Эмиграция ведь не обязательно отъезд из страны. Это иногда еще отъезд страны из-под тебя. Это состояние, когда ты просыпаешься в новом мире и чувствуешь себя абсолютно ему не нужным. Видимо, именно поэтому Владимир Набоков стал главным русским прозаиком ХХ века, хотя поначалу его теснили то Бунин, то Булгаков, — но Бунин в конце концов оказался приписан к русской дворянской классике, а Булгакова приватизировал масскульт, после чего из «Мастера» неожиданно поперла пошлость. Оказалось, она там все-таки была. Набокова не больно-то приватизируешь, в сериал не вытащишь, даже на сцене запросто не поставишь, так что главной утехой интеллигента оказался сегодня он.

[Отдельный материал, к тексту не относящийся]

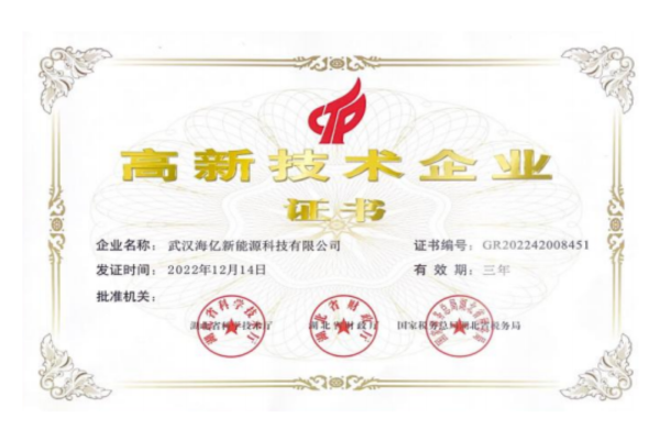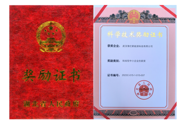 海亿新能荣获湖北省专精特新中小企业认定,荣获2023年度湖北省科技型中小企业创新奖(全省仅15家科技企业入选该奖项),荣获武汉市“光谷瞪羚”企业认定,荣获国家电投氢能科技发展公司“最佳合作伙伴奖”
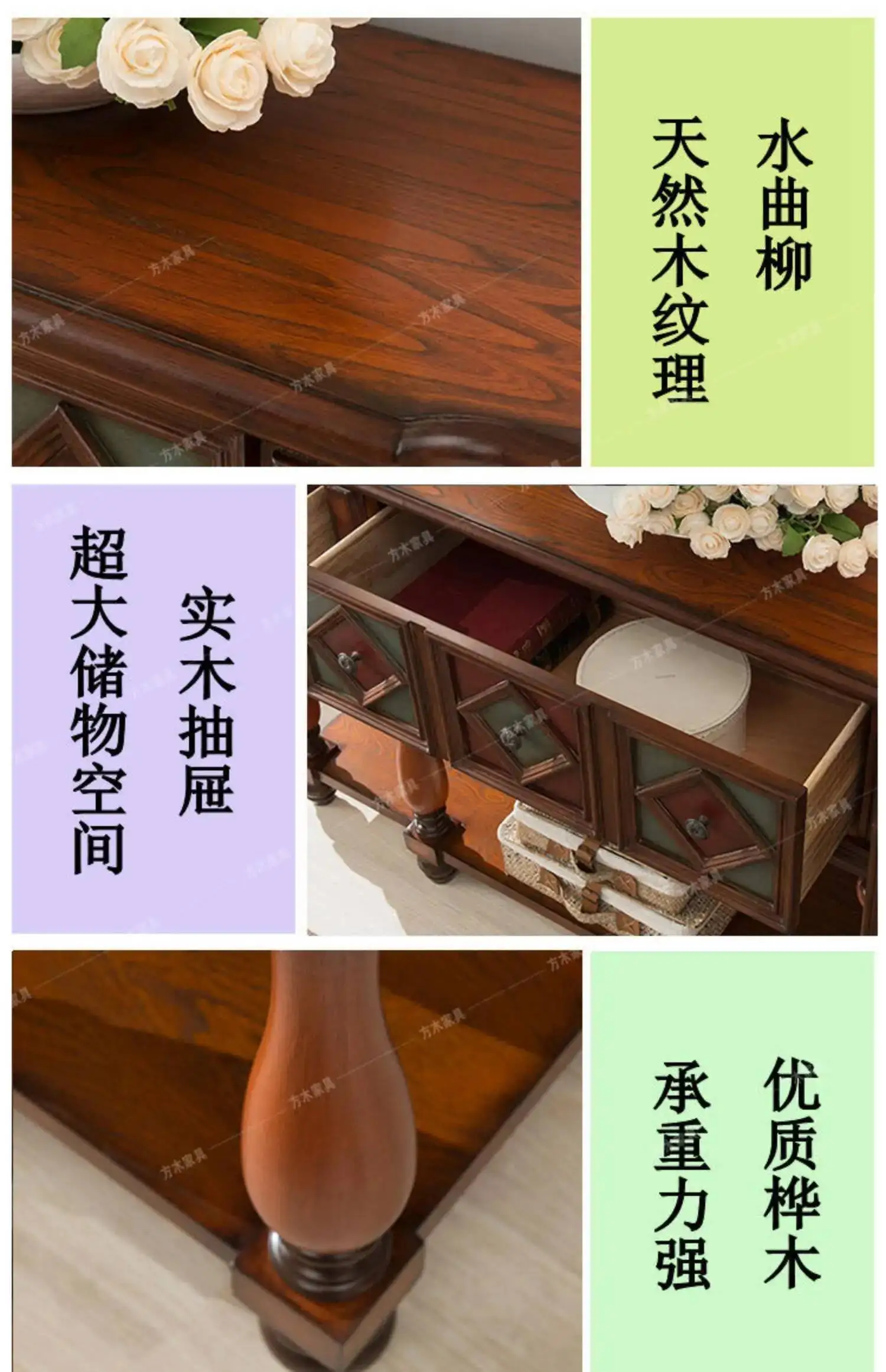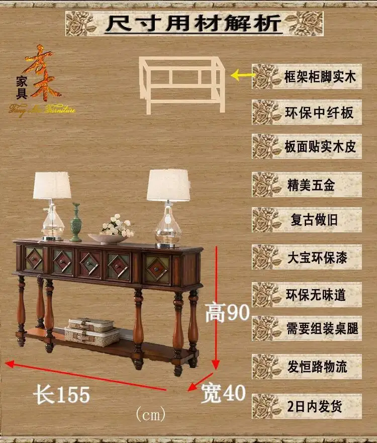 Vintage Luxury Console Tables Mid Century American Retro Premium Console Tables Beauty Metal Handle Bureau Furniture Living Room
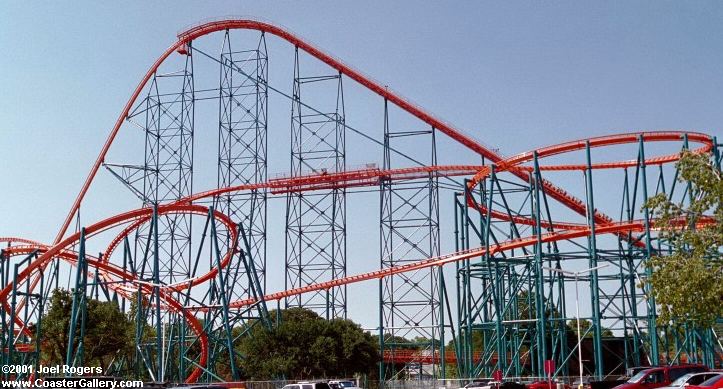 looms over Six Flags Over Texas with this huge 245-foot hill.
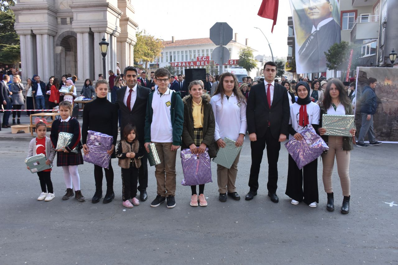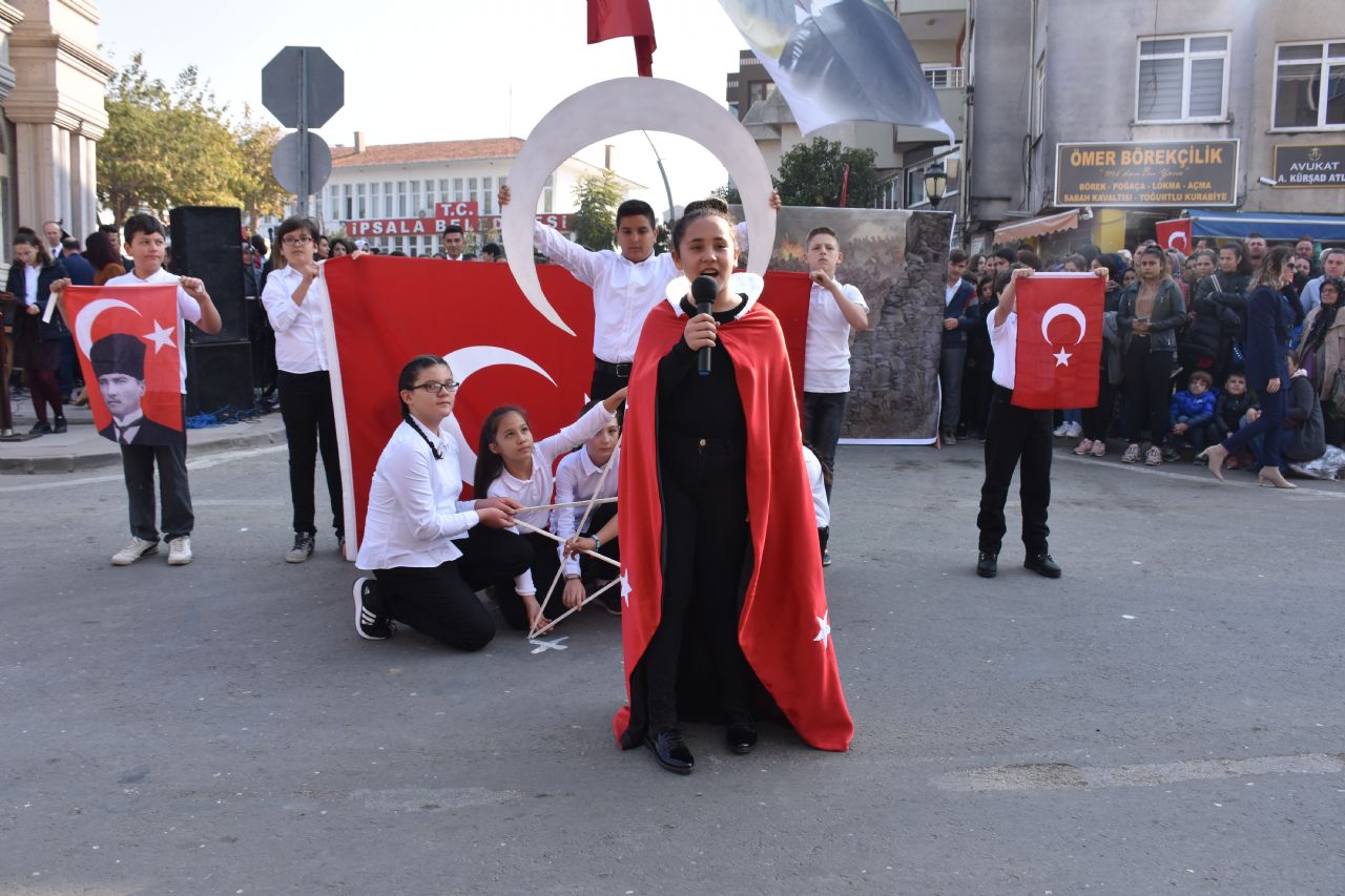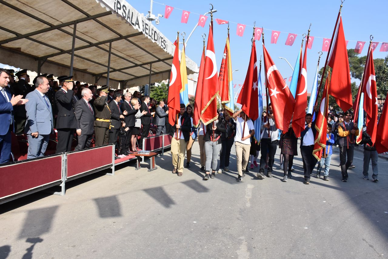 Türkiye Cumhuriyeti’nin kuruluşunun 96.yılı kutlama programına Cumhuriyet Meydanında devam edildi. Saat 11.00’de İpsala Kaymakamı Enis Aslantatar, Garnizon Komutanı P.Bnb. Çağlar Şimşek ve İpsala Belediye Başkanı Abdullah Naci Ünsal tarafından törene katılan öğrencilerin, öğretmenlerin ve halkın bayramını kutlamaları ile başladı.
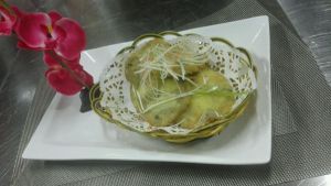 土豆切月亮型放入蒸床上汽蒸15分钟
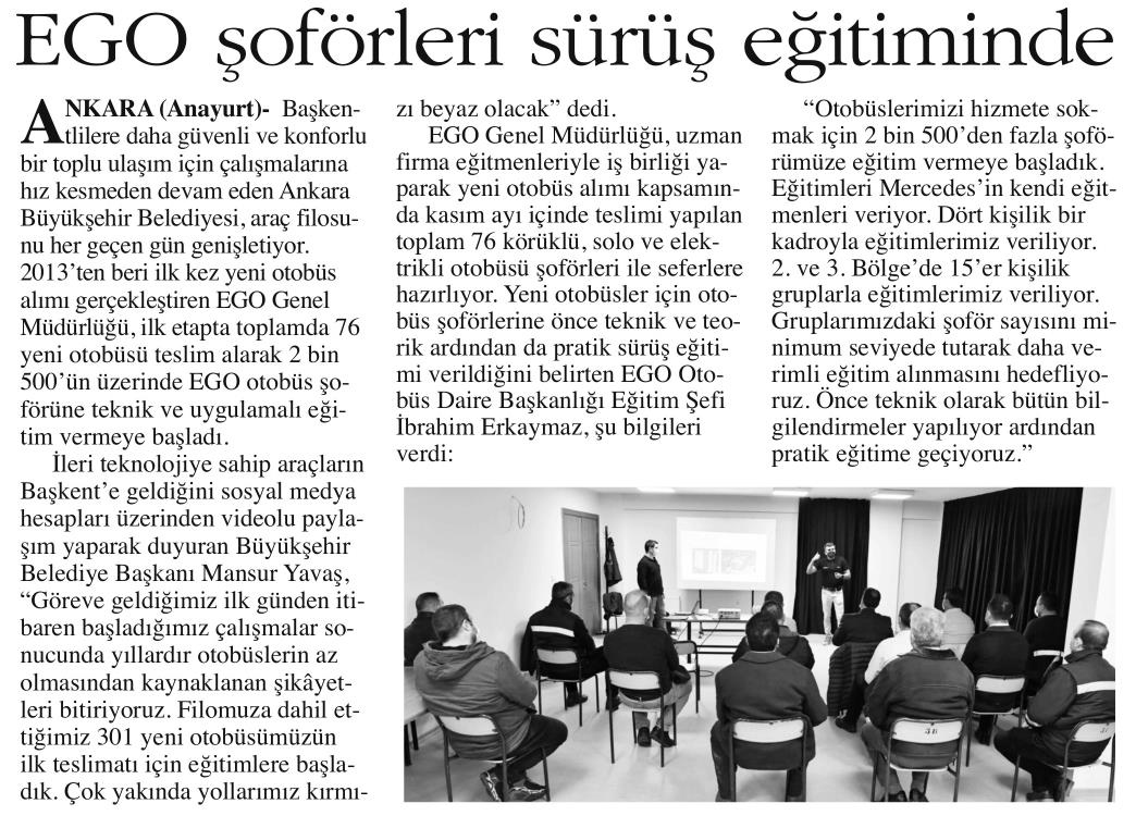 Başkent Gazetesi / 03.12.2021 EGO şoförleri sürüş eğitiminde
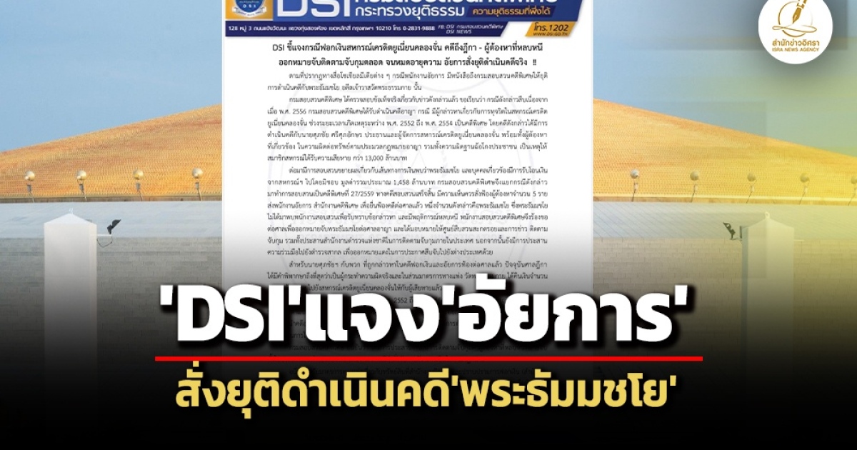 ‘ดีเอสไอ’ แจงคดีฟอกเงิน ‘สหกรณ์เครดิตยูเนี่ยนคลองจั่นฯ’ อยู่ในชั้น ‘ศาลฎีกา’ รับ ‘อัยการ’ สั่งยุติดำเนินคดี ‘อดีตเจ้าวาสวัดพระธรรมกาย’ จริง หลังคดีขาดอายุความ
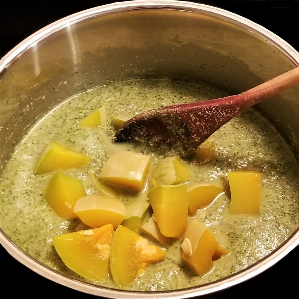 It was time to twitch my culinary creativity with a recipe that used all this bounty; just from the colour scheme, a green sauce came to mind, but the still-unripen butternut squash was a little puzzling.  Some fruits from the squash family are eaten while still immature, for example zucchini, and chayote (pear squash).  In Mexico, another iconic example is chilacayote (Cucurbita ficifolia), from the Nahuatl tzilacayotli, also known as the seven-year melon, Malabar gourd, or more commonly in the US and Canada, fig leaf gourd or fig leaf squash; chilacayote is often cooked in pipián verde sauce, either by itself or with a protein, such as chicken or turkey.  I have never seen fig leaf squash in stores here in Southern Ontario, but it served as the inspiration to make a batch of pipián verde with my still-green butternut squash.
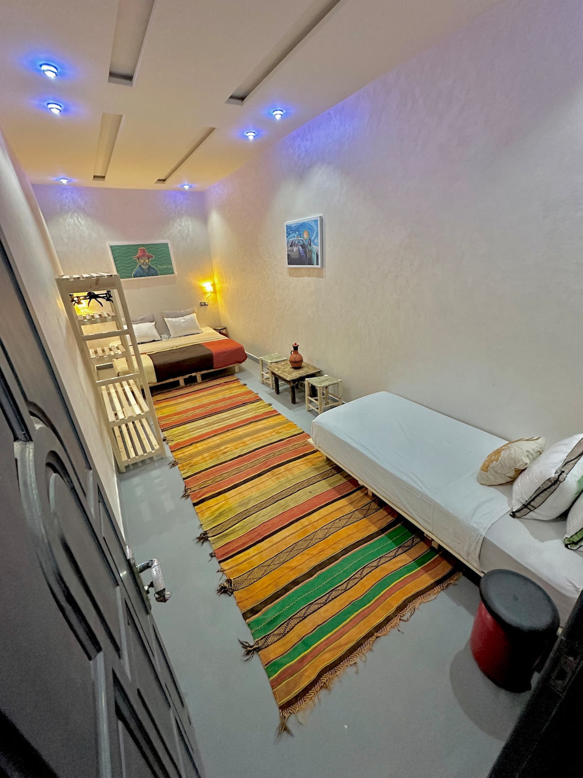 Tigami N-Laman is a cozy, Berber-style guesthouse located in Tarmigt, just 2 km from downtown Ouarzazate. Surrounded by the calm of the desert, it’s the ideal spot for travelers looking to unwind and experience the warmth of southern Moroccan culture. Parking Free parking is available right in front of the house if you're arriving by car. Getting Here Taxis are available anytime from the city center (5 Dh) or from the bus station (8 Dh) to Tarmigt Supermarket, just a short walk from us.
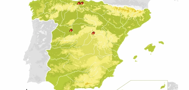 Por otra parte, los otros dos siniestros restantes se sitúan en el entorno de la Meseta norte; el primero de ellos en el suroeste de la provincia de Valladolid, cerca de Nava del Rey, y el otro incendio en plena Alcarria de Guadalajara, aunque ambos sucesos son de escasa extensión.

Популярности автора чаще всего способствует лестная идентификация, которую он предлагает читателю. Живейший пример — Бродский: благодаря его приемам (очень простым, наглядным, легко тиражируемым) каждый прыщавый подросток может почувствовать себя усталым, пресыщенным гением, высокомерно озирающим распад империи с высоты своей многовековой усталости. Сотни и тысячи молодых людей, не нюхавшие жизни, принялись декларировать презрение к ней, заменяя метафоры дефинициями, а описания перечнями, отказываясь от традиционной просодии и щедро мешая римские реалии с жаргонизмами вроде «бздюме Тиберия». Это бросило обратный рефлекс и на самого Бродского — в нем, стало быть, тоже была эта пошлость, раз она так легко из него извлекается. Набокова имитировать трудней, но востребованность его от этого не меньше: он учит эмигранта правильно себя вести. А поскольку мы все так или иначе эмигранты, хоть и вынужденные в экстремальных ситуациях возвращаться на родину и защищать ее, — это не столько самый ценимый, сколько самый прагматически полезный писатель. Читая Набокова, можно отличным образом воспитать в себе эмигранта. Причем такого, которого аборигены будут уважать, переводить и даже читать.
Русскими эмигрантами полна мировая литература, они торчат во всех ресторанах — одни пьют, другие подносят, все вместе плачут; русские эмигранты толкутся в России на каждом шагу — одни стенают по великой империи, другие по уютной усадебке, третьи по дому творчества в ближнем Подмосковье, четвертые по ресторану Союза писателей, пятые по фарцовке в подземном переходе на проспекте Маркса, шестые по той же фарцовке, но уже в масштабах страны. Русский эмигрант — всегда бывший человек. «Все у нас было. Как то-с: утконос, пальма, дикобраз, кактус!» Ах, какая была жизнь! Яр, Стрельна, МХТ, Шаляпин, кутежи до утра, личная цыганка, бочка хересу, икра ложками, Политехнический, хиляние по Броду, кафе «Артистическое», брюки дудочками, я трахал польку, Генка — чешку, о наши польки и чешки, Хрущев орал, первые джинсы, спекуляция театральными билетами из-под полы, «Таганка», программа «Взгляд», кооператив «Прорыв», шили носки на всю Москву, оргии в «Праге», кутежи до утра, личная цыганка, бочка хересу, кокаин ложками, — и сквозь все это лейтмотивом: Боже, какими делами я рулил! Боже, какая была жизнь! Но нет ничего прочного, по крайней мере в России: утконос, пальма, дикобраз, кактус — позор, облава, бегство, таксист.
Вот Набоков — как раз идеальный писатель для невозвращенцев, мальчик с аристократическим воспитанием, сумевший сохранить аристократизм и в изгнании, в нищете, о которой умудрялся еще и каламбурить («Париж… па риш» — «Париж, денег нет»). Его манифест «Юбилей» (1927) — лучший публицистический текст русской эмиграции, показавший всем им, пошлякам, неутомимо и бесплодно доспоривавшим старые споры, что такое настоящее самоощущение изгнанника. Юбилей Октября — но не десять лет прозябания и выживания, а десять лет гордости и презрения. «Презираю россиянина-зубра», тоскующего исключительно по поместьям! Еще больше презираю зашоренного россиянина, не желающего видеть ничего вокруг себя: Набоков — пример аристократического, космополитического эмигранта, открытого миру, не замыкающегося в скорлупе своей тоски и своей диаспоры. Он и в Берлине, в ненавистной гемютной Германии, умудряется открыть нежность и прелесть, и пленяться тенями лип, и вписываться в европейский мейнстрим, сочиняя «Камеру обскуру» — роман с русской семейной моралью и европейским лоском слога.